#### Work to complete:
The answer must consist solely of the lines from the opening line of the entries through the line with "إليك تداولات المطلعين", transcribed exactly and without any pictures.

#### Given records:
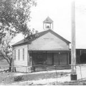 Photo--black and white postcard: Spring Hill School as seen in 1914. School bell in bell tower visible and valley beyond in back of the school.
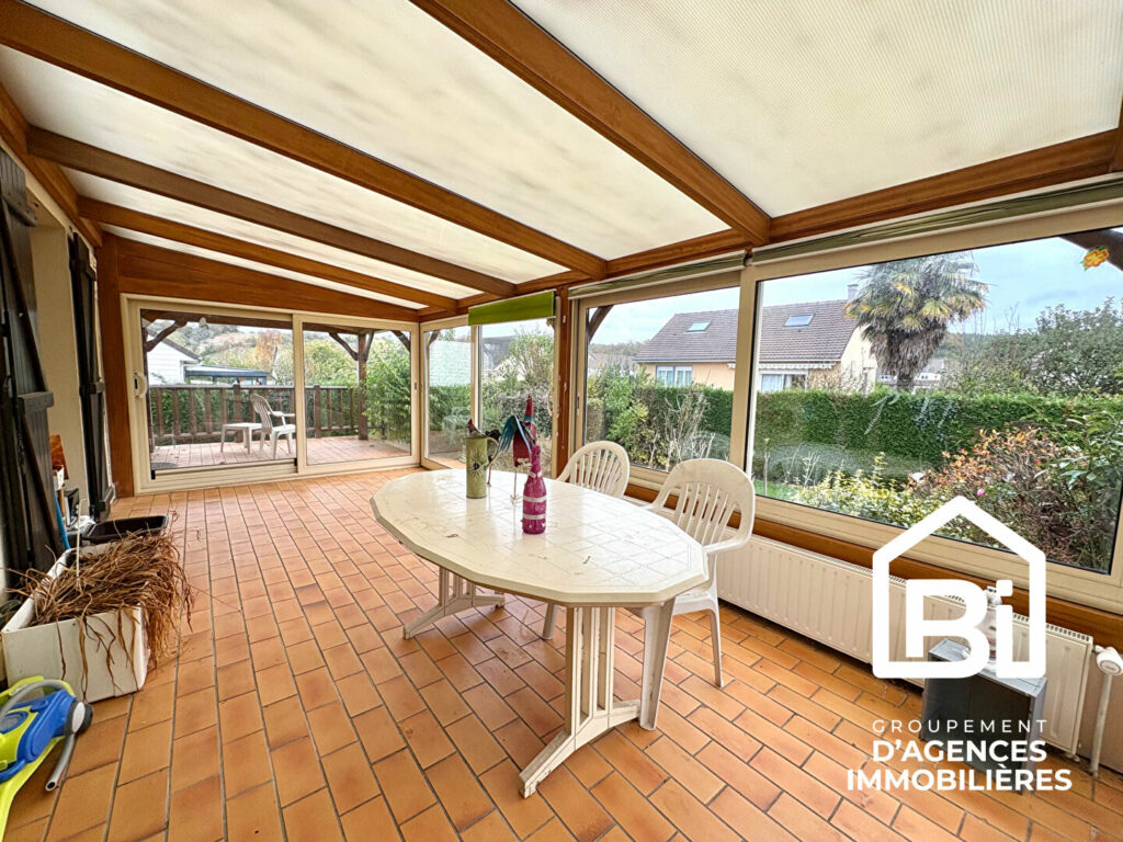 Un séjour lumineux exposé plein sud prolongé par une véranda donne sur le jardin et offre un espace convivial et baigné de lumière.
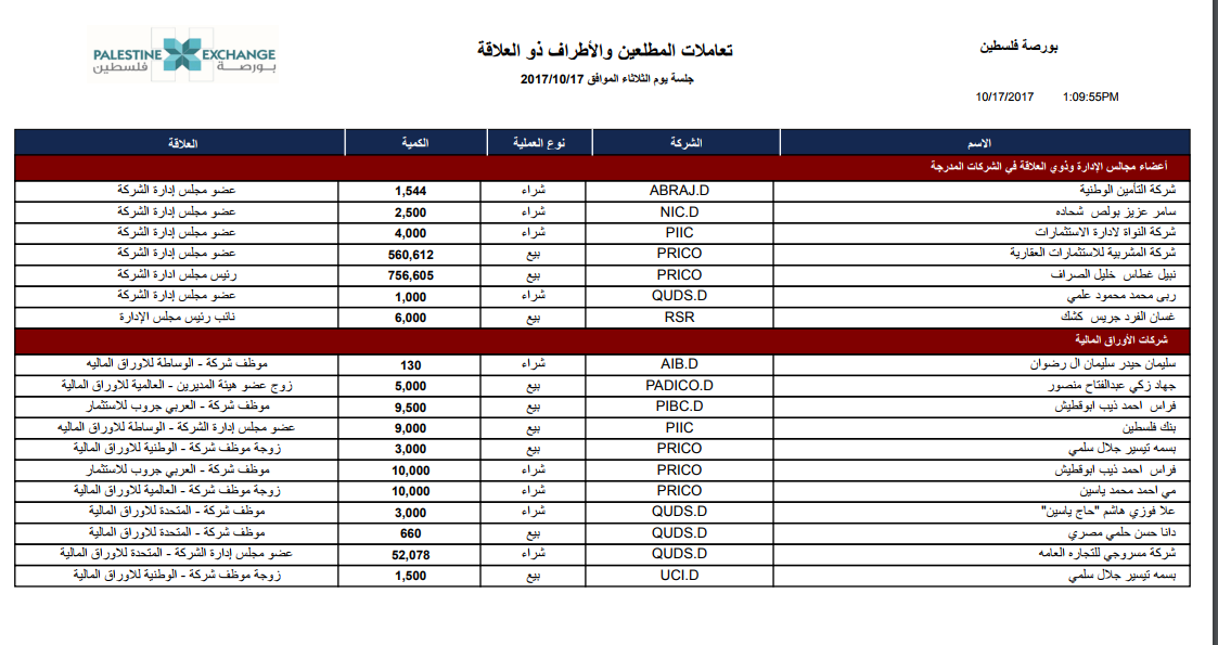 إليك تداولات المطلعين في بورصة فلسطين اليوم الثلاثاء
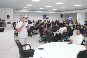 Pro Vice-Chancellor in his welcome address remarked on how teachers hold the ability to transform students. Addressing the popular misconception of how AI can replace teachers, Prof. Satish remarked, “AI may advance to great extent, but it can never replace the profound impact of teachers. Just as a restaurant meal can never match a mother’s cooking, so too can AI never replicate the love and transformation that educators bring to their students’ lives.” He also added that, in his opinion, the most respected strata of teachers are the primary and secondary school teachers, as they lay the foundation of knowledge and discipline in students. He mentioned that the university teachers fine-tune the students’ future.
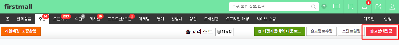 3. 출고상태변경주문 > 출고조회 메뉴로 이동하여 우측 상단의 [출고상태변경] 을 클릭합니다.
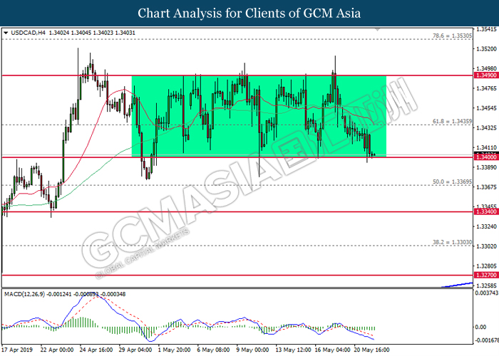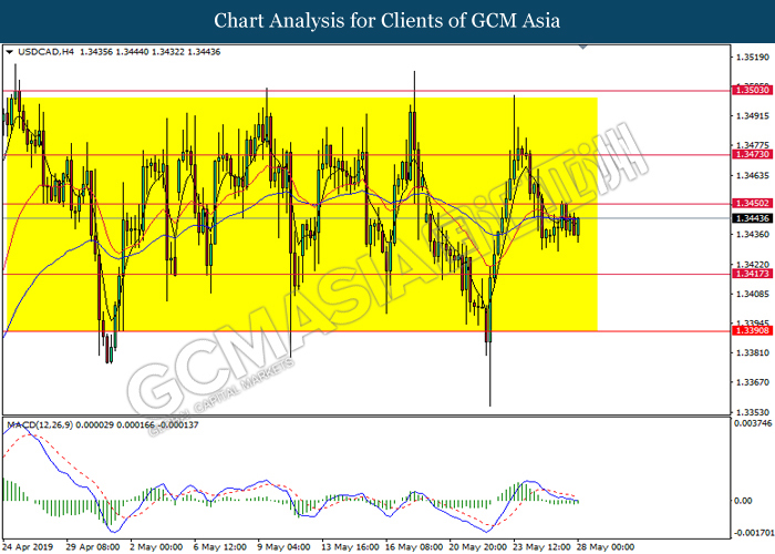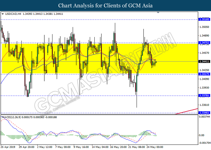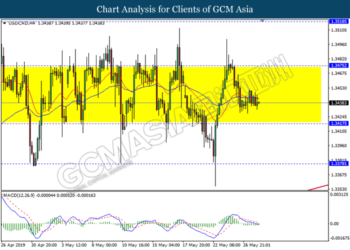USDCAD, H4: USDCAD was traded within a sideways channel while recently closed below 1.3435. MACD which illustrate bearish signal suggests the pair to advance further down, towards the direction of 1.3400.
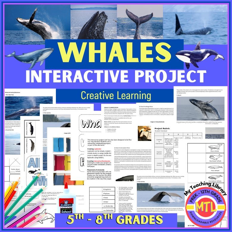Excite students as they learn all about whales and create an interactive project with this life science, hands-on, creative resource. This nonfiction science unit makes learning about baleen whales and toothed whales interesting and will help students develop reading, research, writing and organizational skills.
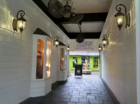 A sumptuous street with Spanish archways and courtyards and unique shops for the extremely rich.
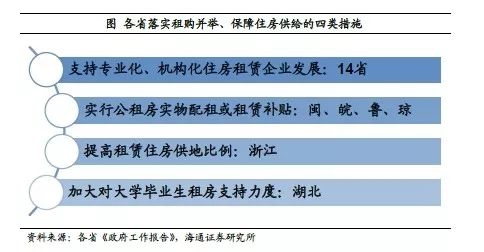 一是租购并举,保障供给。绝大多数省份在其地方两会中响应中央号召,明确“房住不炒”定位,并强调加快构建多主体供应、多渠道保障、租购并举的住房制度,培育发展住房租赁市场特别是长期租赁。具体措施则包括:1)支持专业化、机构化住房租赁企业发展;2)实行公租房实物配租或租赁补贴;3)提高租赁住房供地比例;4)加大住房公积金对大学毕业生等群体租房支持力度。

#### Result for this exercise:
 Photo--black and white postcard: Spring Hill School as seen in 1914. School bell in bell tower visible and valley beyond in back of the school.
 Un séjour lumineux exposé plein sud prolongé par une véranda donne sur le jardin et offre un espace convivial et baigné de lumière.
 إليك تداولات المطلعين في بورصة فلسطين اليوم الثلاثاء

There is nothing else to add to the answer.